Application of a tie molecule model to the postyielding deformation of crystalline polymers

Abstract

Our past paper reported that the postyielding deformation of crystalline polymers such as polyethylene (PE), poly(oxymethylene) (POM), poly(propylene) (PP) and nylon 6 (Ny 6) was expressed by master curves with a characteristic constant for each polymer when normalized true stress and true strain are plotted in both logarithmic graphs and suitably shifted. For a molecular understanding of the postyielding process, we present a tie molecule model which assumes that the tie molecules are pulled out from the lamellar fragment at a constant number of tie molecules. The limit in applicability of the model is in the final stage of fiber formation.
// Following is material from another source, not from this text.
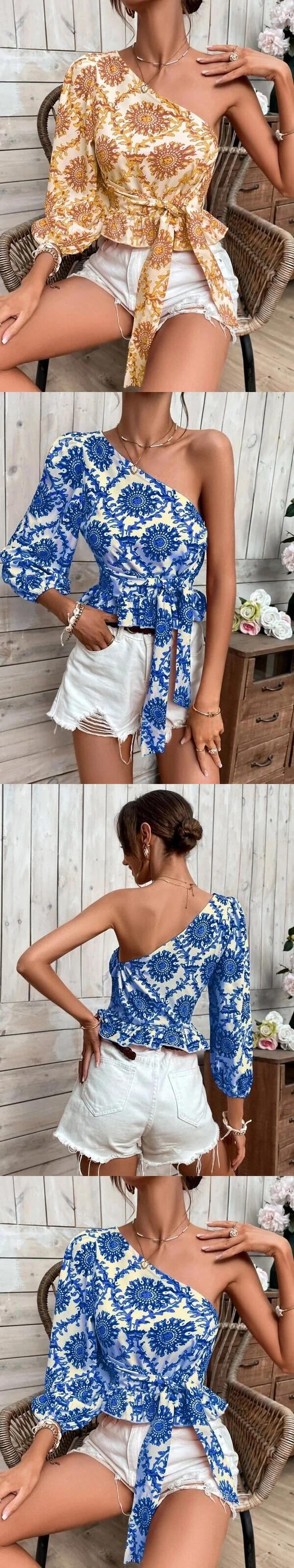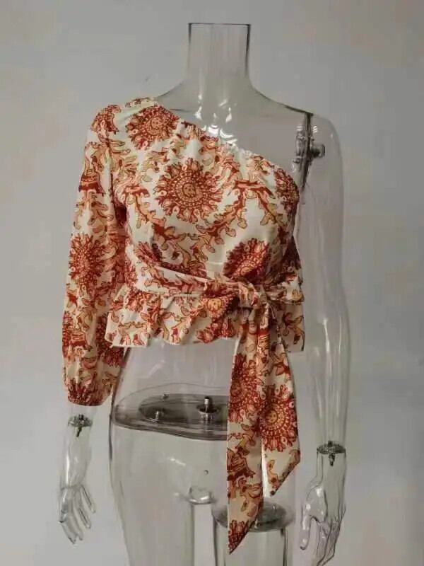 送料無料 春ワンオフショルダーランタンスリーブフリルシャツとブラウス女性 2023 包帯プリントトップス 26708 ラッフル スプリング 春物 AE665656689109416562

Fundamental equations of the model are solved to give a critical point at which all the molecular parameters can be uniquely determined from the characteristic constant for each polymer. At the critical point, the tie molecule length monotonously increases at a fixed number of tie molecules. The limit of the tie molecule length increases in the order of PE, POM, PP and Ny 6. By using an empirical relationship between the area fraction of tie molecules and the degree of crystallinity of these polymers, it is found that the order of area fraction of the tie molecules in Ny 6, PP, POM and PE is entirely reversed to the order of weight fraction of the tie molecules of the above polymers.